Music Reviews
Tres Cosas

Juana Molina Tres Cosas

(Domino) Rating - 8/10

Juana Molina is hard to put into English terms. Maybe if Elvis Costello's daughter had grown up in exile learning music from Fergal Sharkey and Billy Bragg, been a bit-part musician round London in her teenage years, taken to being a bit-part actress in TV comedies to finance guitar lessons, and then almost accidentally become a kind of young Latin American Tracy Ullman, only then to return to music and start recording the kind of aural balm you'd expect from Mira Calix or Múm, then you'd perhaps be getting there. As it is, and as you'll read elsewhere on this site, JM is uniquely Argentine, while producing beautiful, soothing melodies that cross borders like nomads.

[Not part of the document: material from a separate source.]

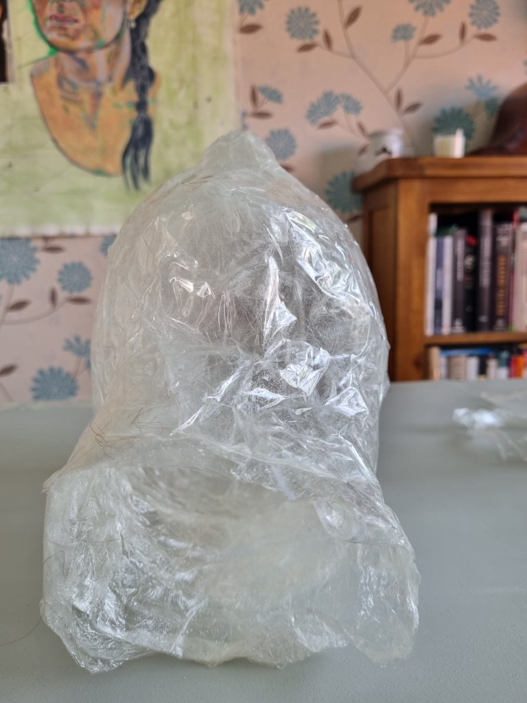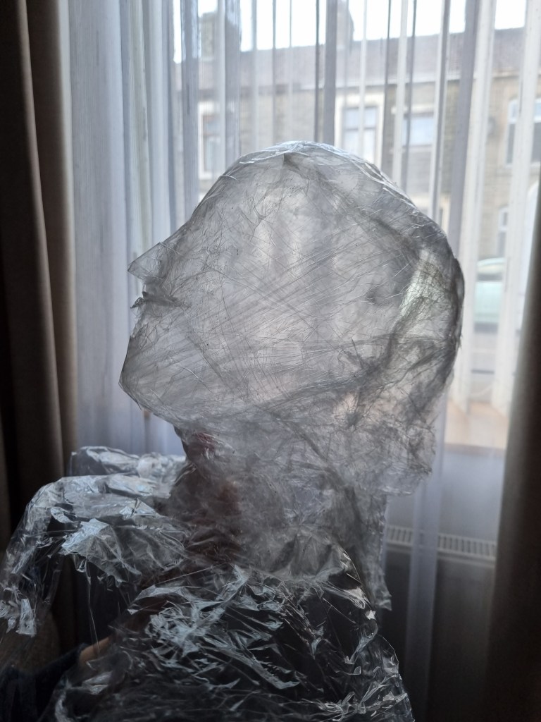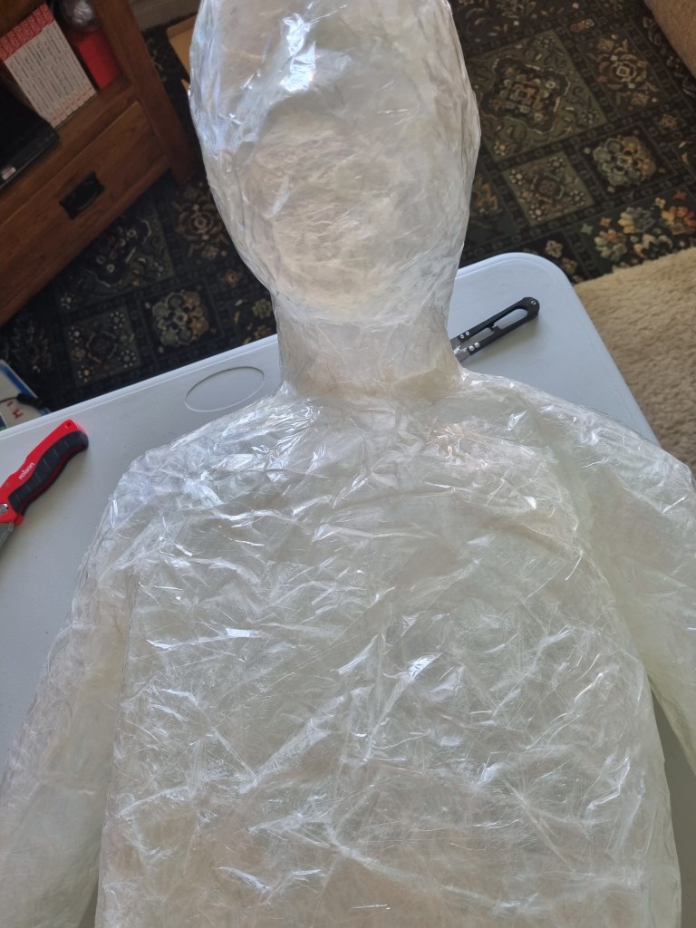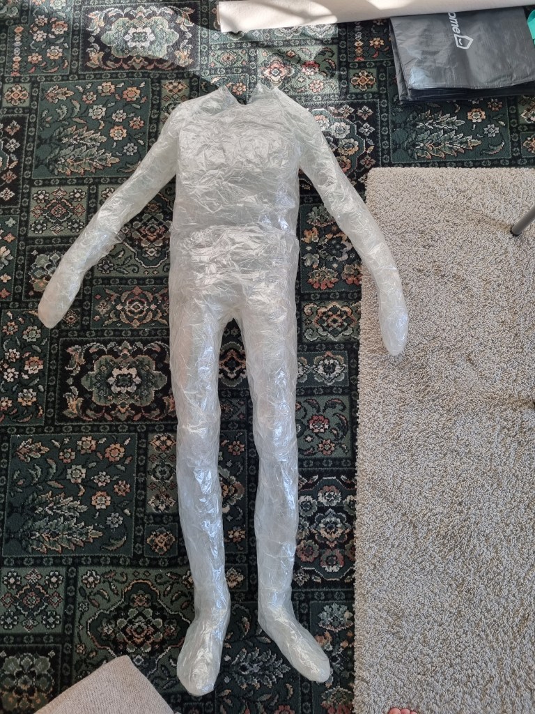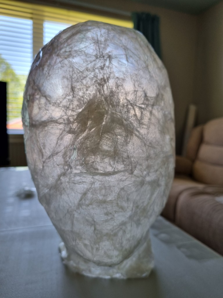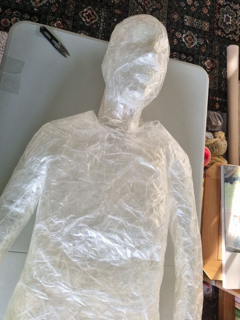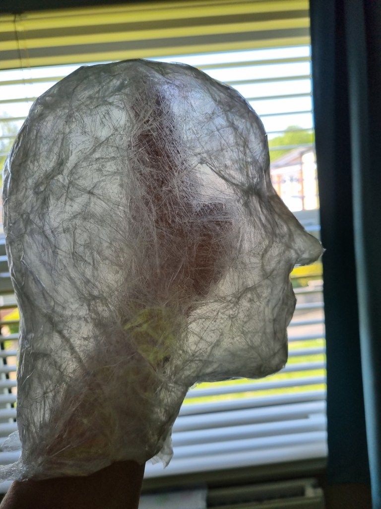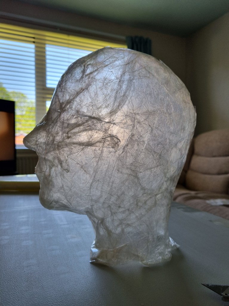 I started with the same methodology as with the body. First, I wrapped the head of the model with cling film and then applied the sealing tape. I remembered to extend the neck lower to the chest because of the attachment to the body.

Her first album, Rara was released after she rediscovered her musical career gigging in clubs and bars in LA. Segundo was released in 2000 in Argentina, but got a release in the UK only this year, spurred on by a tour of the states supporting David Byrne, a headline set at Barcelona's SONAR festival later broadcast by Radio 1's Breezeblock, and rave reviews from The New York Times.

Segundo saw Juana mixing acoustic guitars, analogue bleepery and lilting, breathy lyrics in a kind of modern day flip-side to Nico. The result was like having your nerve ends tickled with a feather. If there could be a complaint, it was that technical over-complication and even fussiness got in the way of Molina's strengths - captivating melodies, myrrh vocals and well-strummed guitar.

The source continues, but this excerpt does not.